Due to the strong vegetative nature of relatively young pecan trees and the absence of dwarfing rootstocks or cultivars, controlling tree size is a major problem in high-density pecan orchards. Paclobutrazol, an effective inhibitor of gibberellin biosynthesis, offers a superior method of tree size control of pecan compared with traditional and generally unsuccessful pruning or hedging methods (Sparks, 1979). Previous research indicated the strong effect of PBZ on pecan seedlings grown in a greenhouse (Marquard, 1985; Wood, 1984), young trees in the field (Andersen and Aldrich, 1987; Gash and David, 1989; Wood, 1986, 1988a), and large pecan trees (Wood, 1988b; Worley et al., 1996). However, there are differential cultivar responses depending on tree size and age and on the balance between vegetative and reproductive growth (Gash and David, 1989; Wood, 1988a; Worley et al., 1996).
A well-maintained carbohydrate and nitrogen balance within certain levels is essential for pecan flower formation (Gourley and Howlett, 1941). Terminal growth is related to the amount of stored carbohydrates and is an outward expression of the nutritional and physiological condition of the tree (Crane, 1930; Gossard, 1954; Sparks and Brack, 1970). It is also the most common characteristic observed by growers, who associate it with tree vigor and nutrition. There can be a large variation in shoot growth on the same tree or different trees. Old trees tend to produce short shoots while young trees produce longer shoots (Crane, 1930). In mature trees, longer shoots produce more leaf area and carbohydrates (Sparks, 1969), but excess vegetative growth resulted in little or no blossoming and nut production (Gossard, 1954). Trees with short and weak shoots were less likely to fruit the following year than shoots within the optimal growth range for fruiting. Heavy nut production is associated with shoots of medium length (Isbell, 1928).

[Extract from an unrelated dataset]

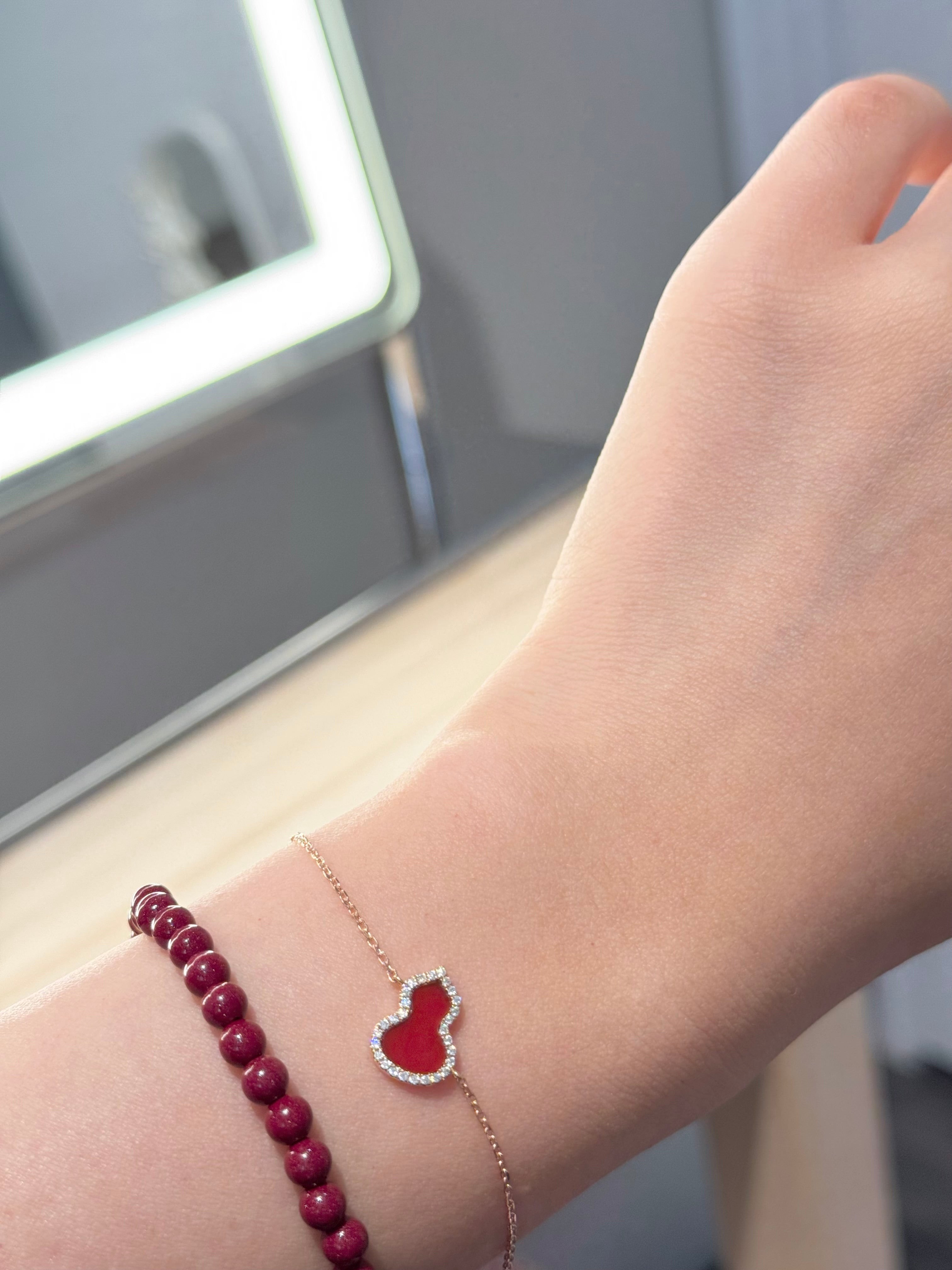 14K玫瑰金红玛瑙葫芦手链

Different cultivars have a wide shoot-length range for optimal fruit production (Amling, 1959; Isbell, 1928). The optimal shoot length ranges for fruiting in ‘Western Schley’, ‘Burkett’, ‘Stuart’, and ‘Success’ were on shoots 4 to 15, 4 to 18, 4 to 9, and 2.5 to 8 inches, respectively (Taylor, 1959). Gossard (1954) suggested that the best range for terminal growth was 4 to 8 inches. The general recommendation for pecan fertilization is to keep annual terminal growth on mature bearing pecan trees to 4 to 8 inches long. A significant positive relationship was found between yield and percentage of fruiting shoots (Sparks and Heath, 1972; Sparks, 1975). Young pecan trees usually produce few lateral branches due to aggressive vegetative growth, which contributes to relatively low yields (Thompson, 1981). Increased lateral branching may increase the potential number of sites for nut initiation (Andersen and Aldrich, 1987). Chemical applications (Malstrom and McMeans, 1977, 1978) and pruning (Kuykendall and Tate, 1970) may be potential methods to promote lateral shoots.
This experiment was carried out to 1) evaluate the effects of paclobutrazol on inhibiting pecan vegetative growth and increasing the number of different shoot lengths and 2) investigate the relationship between shoot length and number of pistillate inflorescences.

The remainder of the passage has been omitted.